Trump tweeted on Thursday that if he had wanted to fire Mueller, he would have done so already, in response to an NYT report that Trump repeatedly asked about firing the special counsel back in December. On Monday, Trump responded to a reporter asking why he doesn’t just “fire the guy” by saying “many people” have been advising him to fire the special counsel, but suggested he’ll hold off for now. (In Obama-bro rag Crooked Media, a good analysis of why it’s problematic to goad this president like that.)
Lawmakers in both parties are pushing a bill to protect Mueller from being fired. Partisan Republicans have long claimed it’s not necessary because the president would never do such a thing, but that argument is looking hollower and hollower by the day. Senate Judiciary chief Sen. Chuck Grassley wants a vote, but the bill might not succeed. Watch this one closely in the next week.
Big picture at 1600 Penn: Trump is isolated and basically running his own show. Chief of Staff John Kelly, WaPo reports, has been significantly marginalized in recent weeks.
On the Hill: this week saw the spectacle of Mark Zuckerberg, the founder and CEO of Facebook and one of the world’s most powerful people, answering basic questions from members of Congress about how his platform works. (You could say there was some interest.)
Members of Congress hauled Zuckerberg up to the Hill for testimony in the wake of mounting scandal about the social media giant’s privacy practices, which have left literally billions of users vulnerable to third-party actors looking to access their personal data and use it for their own ends. (Such as, for example, winning the 2016 presidential election for Donald Trump.)
It’s a time of profound unease about the role big tech companies play in our society and in politics. So it wasn’t especially comforting to watch these hearings — two marathon sessions on Tuesday and Wednesday — in which observers, like the NYT’s Kevin Roose, witnessed lawmakers demonstrate how unequipped Congress is for the difficult task of writing smart policy governing the tech sector.

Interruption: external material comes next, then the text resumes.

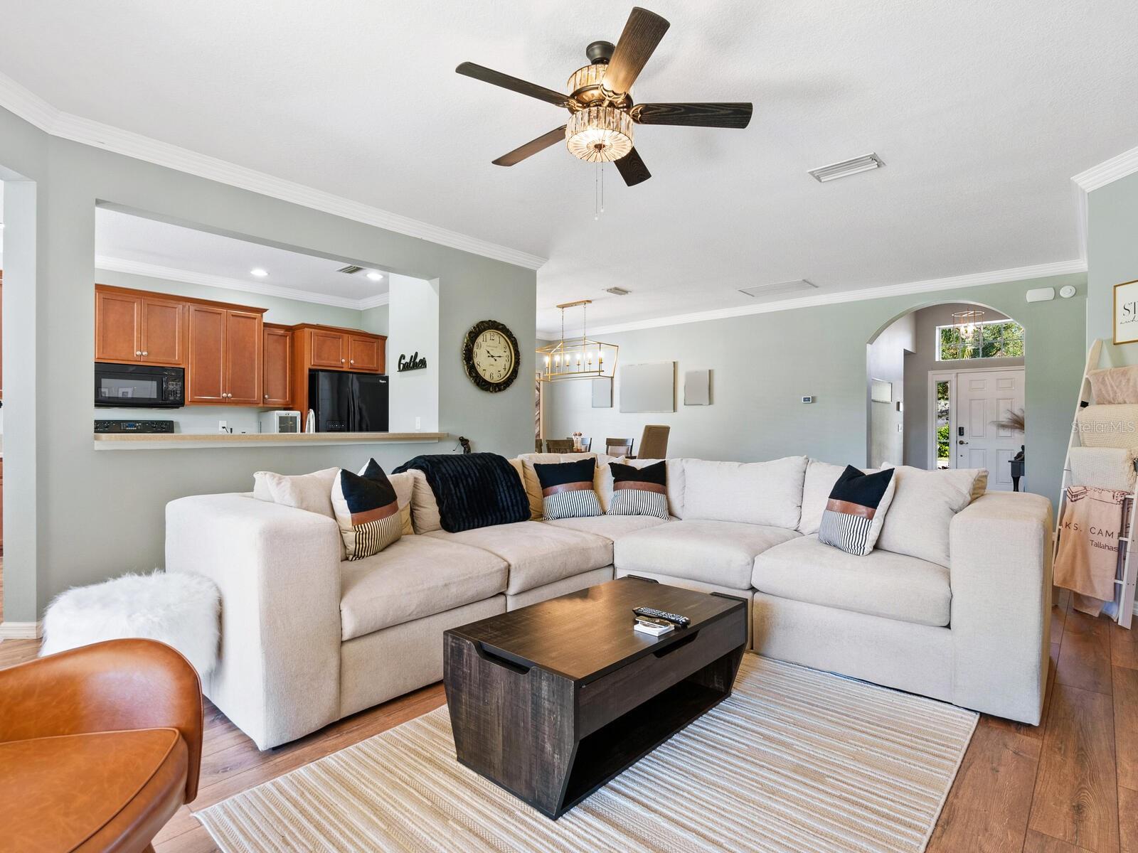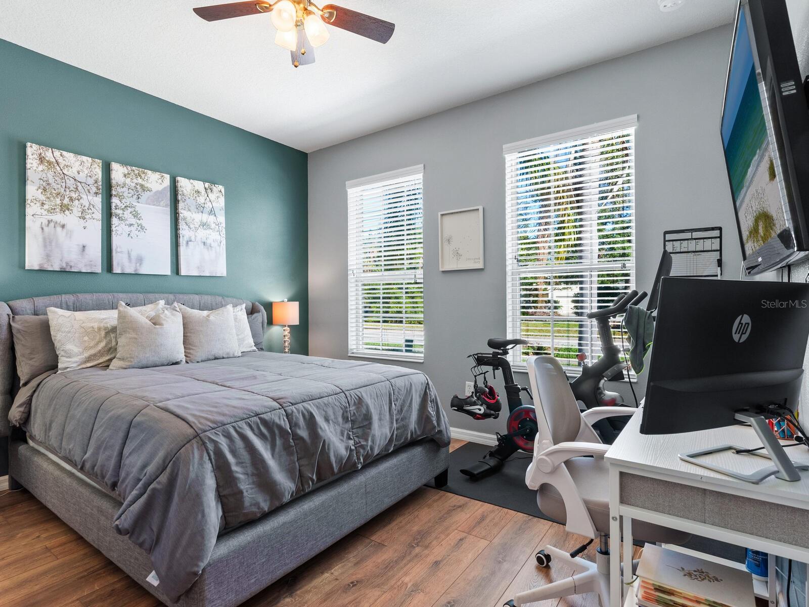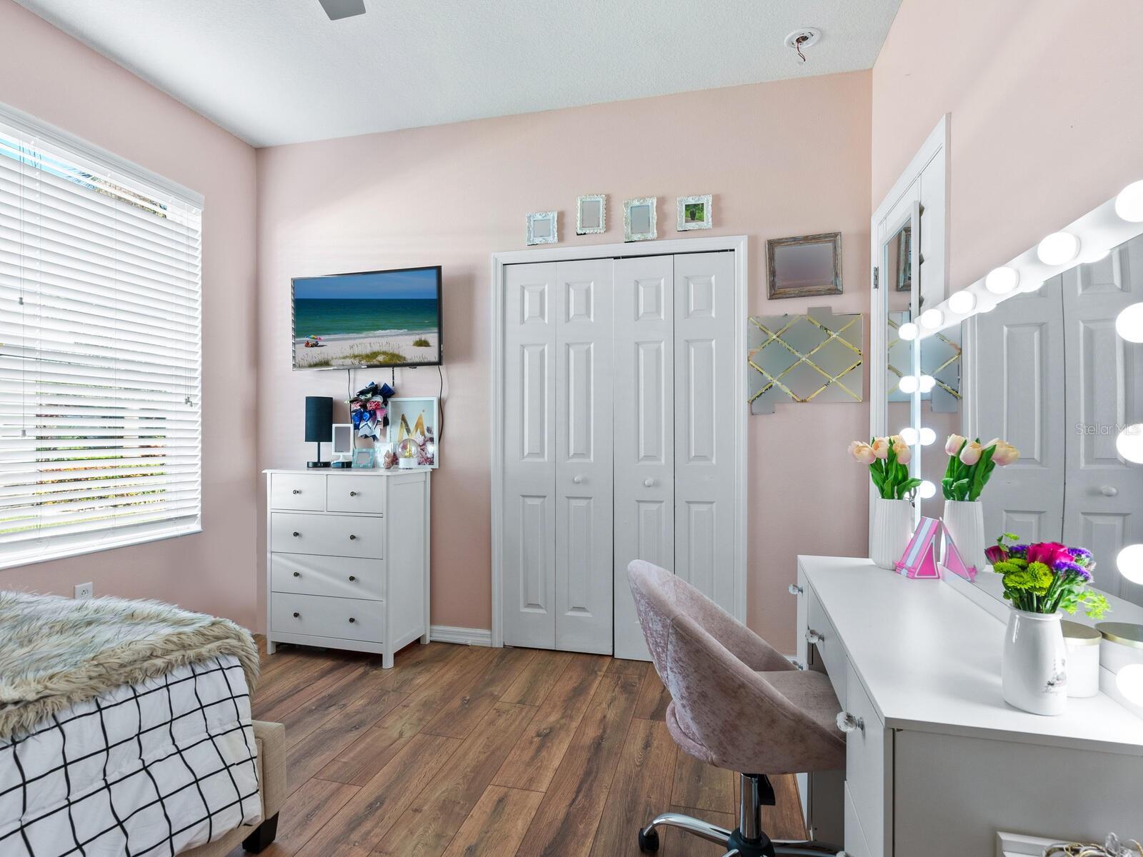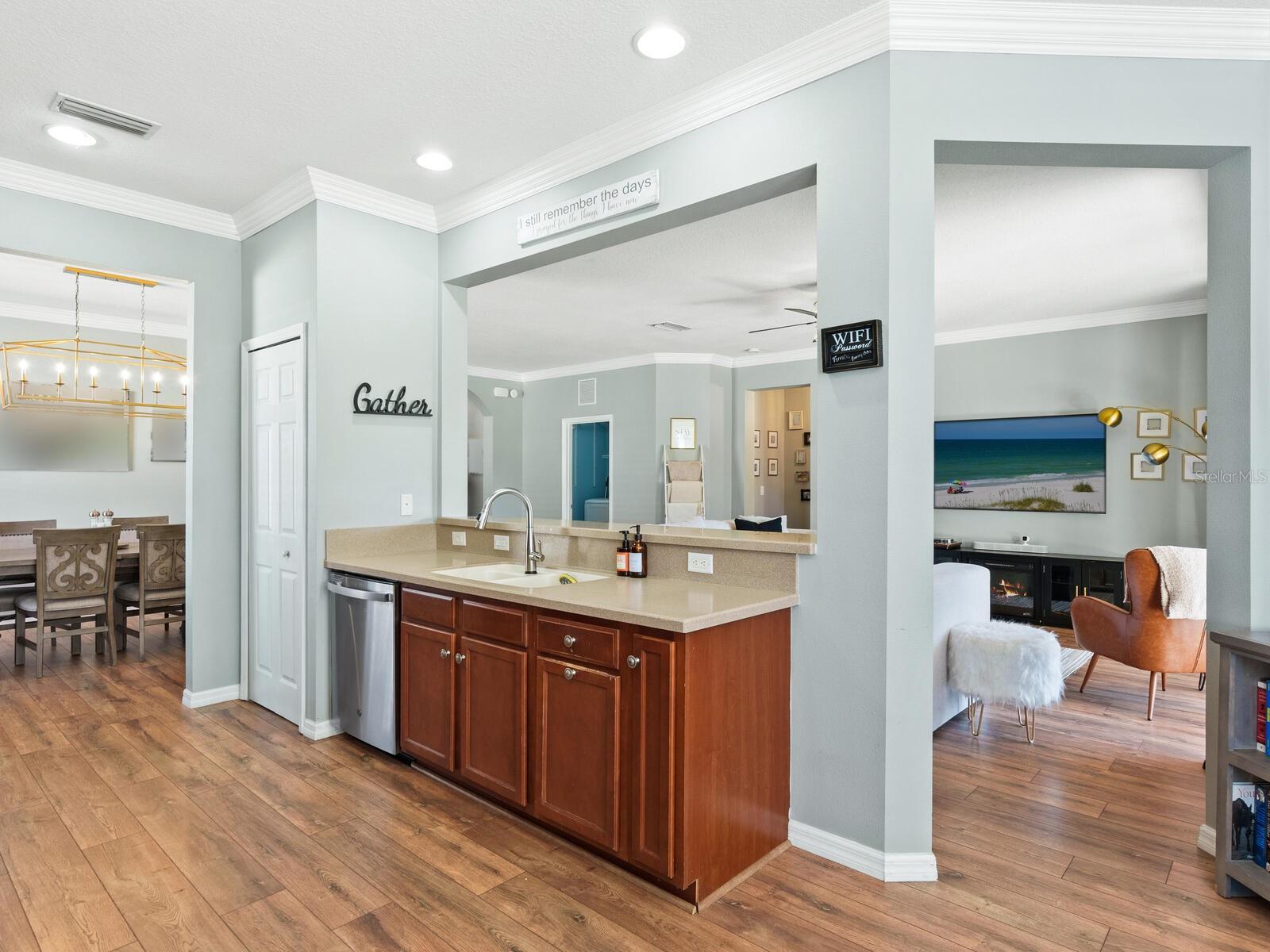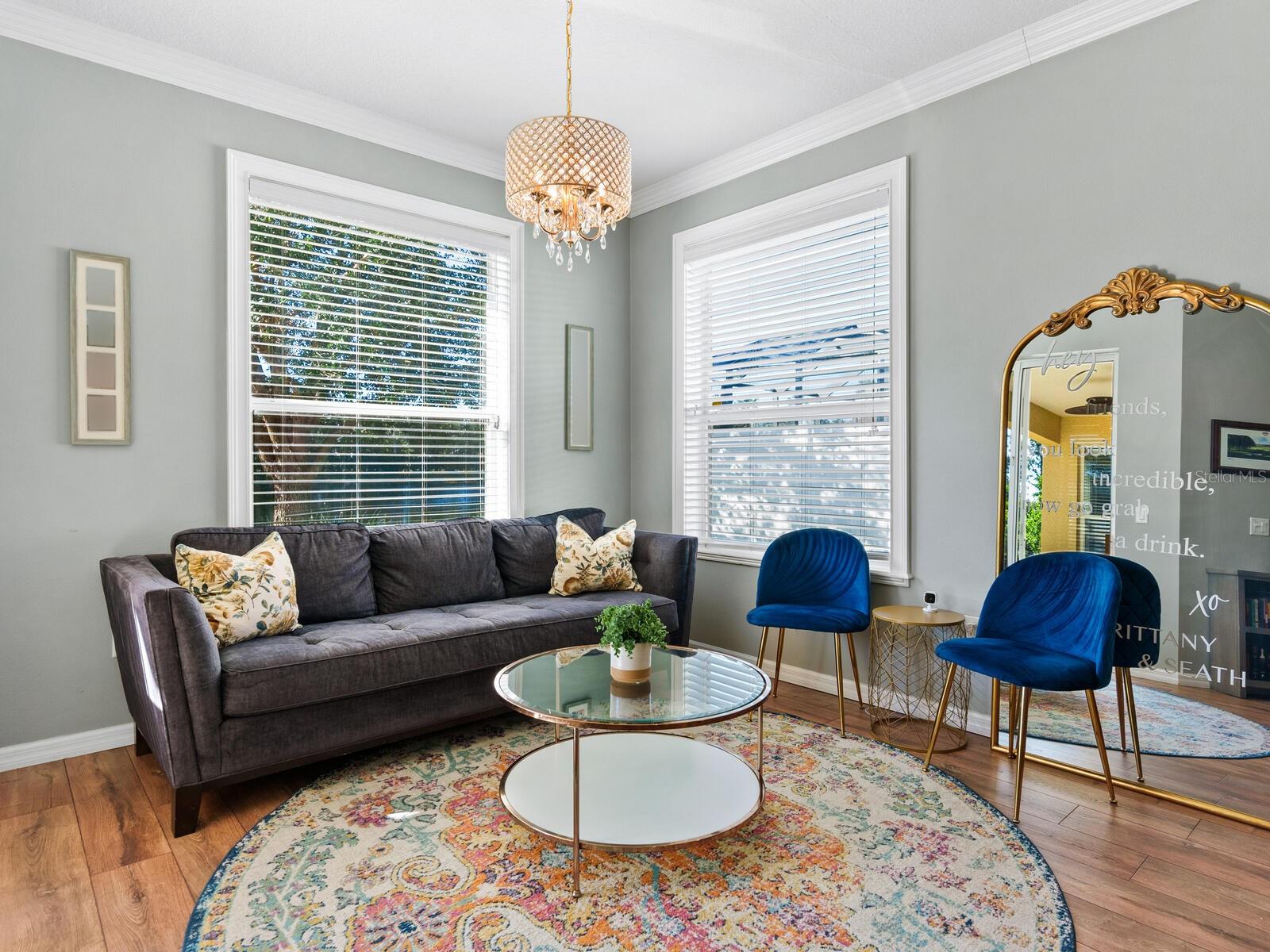 Located near the heart of Lakewood Ranch, this sought-after home in The Reserve at Crossing Creek is thoughtfully crafted for effortless living. Boasting an open and inviting split-floor plan, the residence encompasses 2,052 sq. ft. with 3 spacious bedrooms and 2 well-appointed bathrooms, offering a perfect blend of comfort and style. A true gem, this casually elegant home combines comfort, convenience and livability. A lovely pond view in back and no neighboring house views in front provide added privacy. In a quiet cul-de-sac setting, sidewalks and street lights give the neighborhood a welcoming feel. Enter through a gallery-style foyer with a transom window and arched doorway, where high ceilings enhance the great room and formal dining room. The adjacent kitchen offers a sit-down barstool counter area, Corian counters, European style wood cabinetry, and a pantry. In the extended kitchen is a sunny breakfast café with glass sliders opening to a covered lanai, perfect for relaxing and enjoying incredible weather year-round. Separated from the other bedrooms, the secluded primary suite is wonderful with 2 roomy walk-in closets, a generous glass shower, dual sink vanity and garden tub. Other highlights are gorgeous hybird floors throughout, a laundry room, a 2-car garage with epoxy finished floor, a newer shingle roof in 2021, hurricane shutters, custom trim window molding, recessed can lighting, crown molding, blinds, ceiling fans, and new fixtures. Just a mile from your front door is Creekwood Park with one of the largest dog parks in the county, an expansive grassy area, picnic facilities, a gazebo and plenty of nature trails. This home is ideally located near several golf courses, the UTC Mall, and I-75, offering convenience for shopping, commuting, and recreation. Nearby amenities include Creekwood Crossing Shopping Center, the revitalized downtown Bradenton area, and the esteemed IMG Sports Academy. The property is also in close proximity to three major hospitals and airports, including SRQ and Tampa International Airport, ensuring accessibility for both local and out-of-town needs. For sports enthusiasts, there are numerous golf, tennis, and pickleball club options nearby. Just a short drive away, you’ll find a variety of recreational attractions, arts and cultural venues, and the stunning white-sand beaches that line Florida’s beautiful coast. Built in 2008 by Centex Homes, the company has been dedicated to quality in home building for over 70 years and strives to exceed customer expectations each and every time. Immerse yourself in a beautifully crafted treasure meant to be enjoyed for years to come.

The Atlantic explores one exchange between Zuckerberg and Louisiana GOP Sen. John Kennedy as a metaphor for the whole episode, and for the complexity of the problem. (Preview: no one can seem to articulate what the problem is.)
Sen. Amy Klobuchar had a chance to question Zuck, an opportunity she used to tout her so-called Honest Ads Act, which would subject political advertisements that run on social media to the same disclosure and transparency rules that TV and print ads are subjected to. The idea is to give social media users a better idea of who is behind shadowy online ads, after Russia and others took advantage of them to shape public opinion ahead of the 2016 elections. (You can read my primer on it here.)
Facebook has, essentially, agreed to implement the Honest Ads Act on its own, but Klobuchar and others want to pass the bill. Relatedly: a new Politico poll finds over 70 percent of people don’t trust Facebook to do the right thing on its own.
In general, though, some real news and progress was made, past the tech support jokes. Zuckerberg did a few key things: he took ownership of what’s going on with his company, and apologized for it. He publicly affirmed that Facebook is responsible for what appears on its site, which sounds simple but is actually a big deal with major implications, per Business Insider.
Assorted stuff: WaPo rounds up some of the key news from Zuckerberg’s appearance, in both the Senate and the House sessions. The Guardian has the five biggest takeaways. Zuckerberg was praised for his performance — and the market rewarded him, with Facebook’s value increasing by several billion dollars during his Tuesday hearing — but the Intercept’s David Dayen argues he was incredibly evasive on the stand.
A little Minnesota grab-bag: national coverage of a potential trade war between the U.S. and China, which would slam the agriculture industry first and hardest, has framed Minnesota as ground zero, with outlets like the Washington Post notching Mankato datelines.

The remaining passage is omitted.